-- Activity --
Transcribe word for word the lines below from the line with "Futuristic glowing map" through the line with "Makynzi Pernell celebrates", ends included.
Top of Data for this task
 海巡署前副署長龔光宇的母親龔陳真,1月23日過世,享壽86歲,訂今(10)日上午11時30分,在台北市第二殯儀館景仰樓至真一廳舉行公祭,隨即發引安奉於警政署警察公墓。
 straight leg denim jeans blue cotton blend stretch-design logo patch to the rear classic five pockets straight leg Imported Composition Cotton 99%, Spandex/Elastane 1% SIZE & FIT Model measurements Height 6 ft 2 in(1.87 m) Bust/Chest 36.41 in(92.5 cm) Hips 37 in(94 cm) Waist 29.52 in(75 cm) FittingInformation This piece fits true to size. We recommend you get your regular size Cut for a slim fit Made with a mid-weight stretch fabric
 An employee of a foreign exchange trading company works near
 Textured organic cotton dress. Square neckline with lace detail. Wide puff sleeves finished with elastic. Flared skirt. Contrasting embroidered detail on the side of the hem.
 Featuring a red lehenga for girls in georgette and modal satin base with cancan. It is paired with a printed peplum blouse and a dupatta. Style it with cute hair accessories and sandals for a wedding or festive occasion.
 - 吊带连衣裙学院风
Bottom of Data for this task
Top of Data for this task
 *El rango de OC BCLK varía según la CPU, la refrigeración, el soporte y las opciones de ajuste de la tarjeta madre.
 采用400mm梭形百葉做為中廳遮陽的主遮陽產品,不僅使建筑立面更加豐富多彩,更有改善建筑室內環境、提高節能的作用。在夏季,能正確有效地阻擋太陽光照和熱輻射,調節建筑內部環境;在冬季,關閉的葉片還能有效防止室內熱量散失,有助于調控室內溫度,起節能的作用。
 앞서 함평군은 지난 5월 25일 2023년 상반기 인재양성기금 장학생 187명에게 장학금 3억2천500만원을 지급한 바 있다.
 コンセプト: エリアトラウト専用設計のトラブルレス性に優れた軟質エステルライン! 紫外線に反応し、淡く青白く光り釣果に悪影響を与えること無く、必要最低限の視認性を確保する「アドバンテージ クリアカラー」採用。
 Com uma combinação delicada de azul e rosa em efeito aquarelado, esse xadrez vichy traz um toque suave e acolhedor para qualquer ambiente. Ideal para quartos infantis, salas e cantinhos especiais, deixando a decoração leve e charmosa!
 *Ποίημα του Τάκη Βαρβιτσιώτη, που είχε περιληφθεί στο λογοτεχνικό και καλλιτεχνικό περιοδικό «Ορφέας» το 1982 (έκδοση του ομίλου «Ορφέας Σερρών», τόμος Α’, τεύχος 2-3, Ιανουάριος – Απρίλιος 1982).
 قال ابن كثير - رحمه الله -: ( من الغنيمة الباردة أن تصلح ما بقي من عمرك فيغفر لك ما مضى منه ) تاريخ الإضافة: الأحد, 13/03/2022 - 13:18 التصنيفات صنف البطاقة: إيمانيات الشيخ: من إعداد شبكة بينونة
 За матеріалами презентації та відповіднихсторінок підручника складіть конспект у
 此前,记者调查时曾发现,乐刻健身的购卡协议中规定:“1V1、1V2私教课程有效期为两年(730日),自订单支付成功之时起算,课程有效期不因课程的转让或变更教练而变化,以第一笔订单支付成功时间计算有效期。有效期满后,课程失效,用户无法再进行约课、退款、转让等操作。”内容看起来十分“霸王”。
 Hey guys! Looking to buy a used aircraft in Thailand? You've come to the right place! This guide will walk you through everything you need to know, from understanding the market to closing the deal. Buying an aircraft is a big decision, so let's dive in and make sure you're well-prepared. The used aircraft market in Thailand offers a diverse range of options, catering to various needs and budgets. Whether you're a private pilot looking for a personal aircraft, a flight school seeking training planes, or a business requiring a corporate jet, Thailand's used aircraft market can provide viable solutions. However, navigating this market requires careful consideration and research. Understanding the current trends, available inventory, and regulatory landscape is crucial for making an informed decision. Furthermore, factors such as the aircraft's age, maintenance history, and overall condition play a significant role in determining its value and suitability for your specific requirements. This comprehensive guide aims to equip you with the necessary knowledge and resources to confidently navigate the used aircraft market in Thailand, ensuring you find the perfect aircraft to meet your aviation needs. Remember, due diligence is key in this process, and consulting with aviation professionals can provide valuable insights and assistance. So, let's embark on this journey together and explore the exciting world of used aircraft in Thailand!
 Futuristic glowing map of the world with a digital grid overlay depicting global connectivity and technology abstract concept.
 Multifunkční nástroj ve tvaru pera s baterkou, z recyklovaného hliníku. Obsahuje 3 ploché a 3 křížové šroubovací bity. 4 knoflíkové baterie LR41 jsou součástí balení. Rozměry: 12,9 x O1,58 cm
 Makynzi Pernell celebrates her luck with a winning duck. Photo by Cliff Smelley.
Bottom of Data for this task
Top of Data for this task
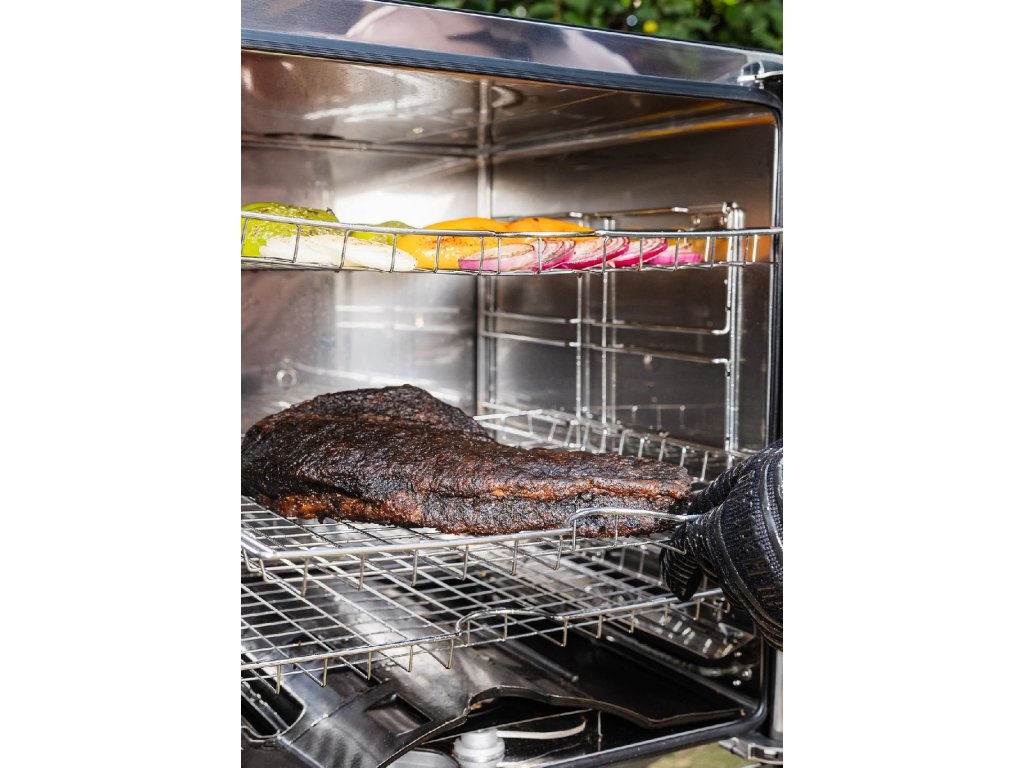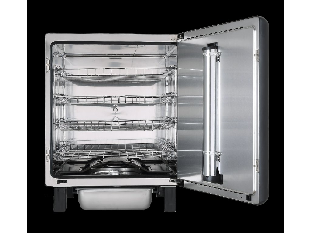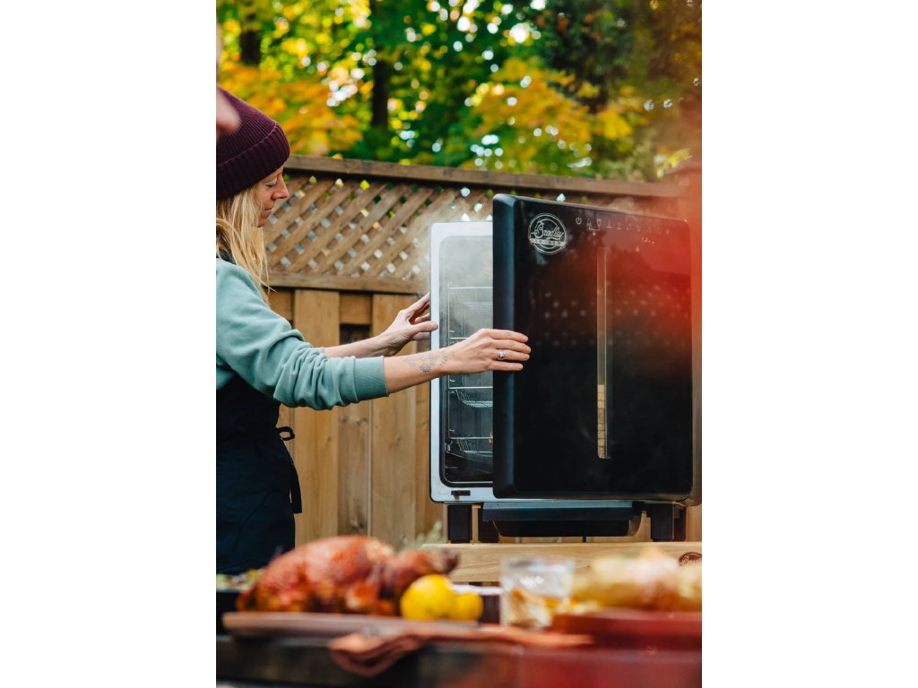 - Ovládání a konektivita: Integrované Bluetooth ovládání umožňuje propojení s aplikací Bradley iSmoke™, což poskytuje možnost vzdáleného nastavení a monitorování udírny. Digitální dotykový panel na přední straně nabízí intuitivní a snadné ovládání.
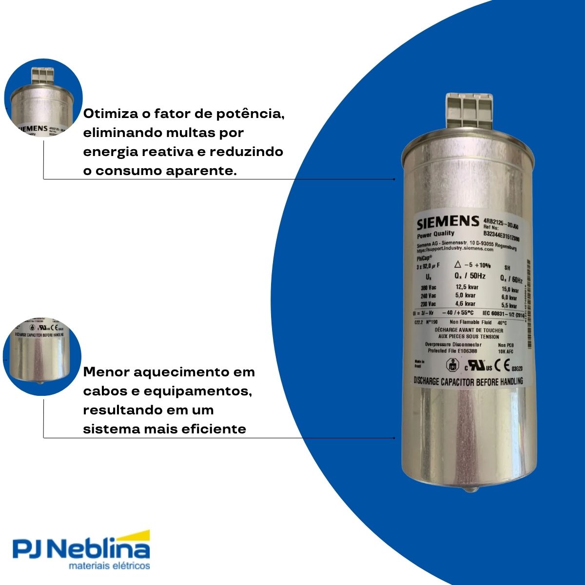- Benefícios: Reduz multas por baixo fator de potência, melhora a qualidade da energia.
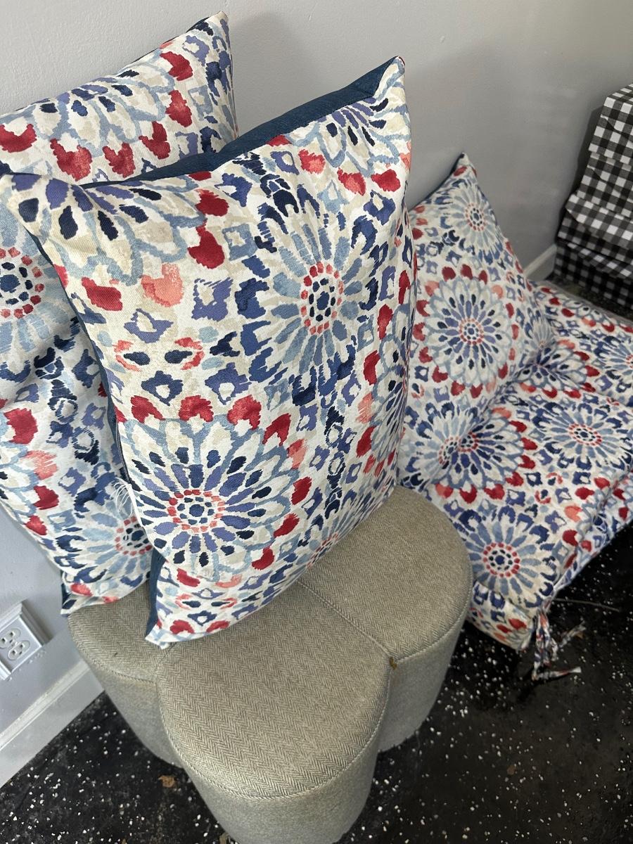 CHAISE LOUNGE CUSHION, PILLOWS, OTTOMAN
Bottom of Data for this task
-- Solution to this task --
 Futuristic glowing map of the world with a digital grid overlay depicting global connectivity and technology abstract concept.
 Multifunkční nástroj ve tvaru pera s baterkou, z recyklovaného hliníku. Obsahuje 3 ploché a 3 křížové šroubovací bity. 4 knoflíkové baterie LR41 jsou součástí balení. Rozměry: 12,9 x O1,58 cm
 Makynzi Pernell celebrates her luck with a winning duck. Photo by Cliff Smelley.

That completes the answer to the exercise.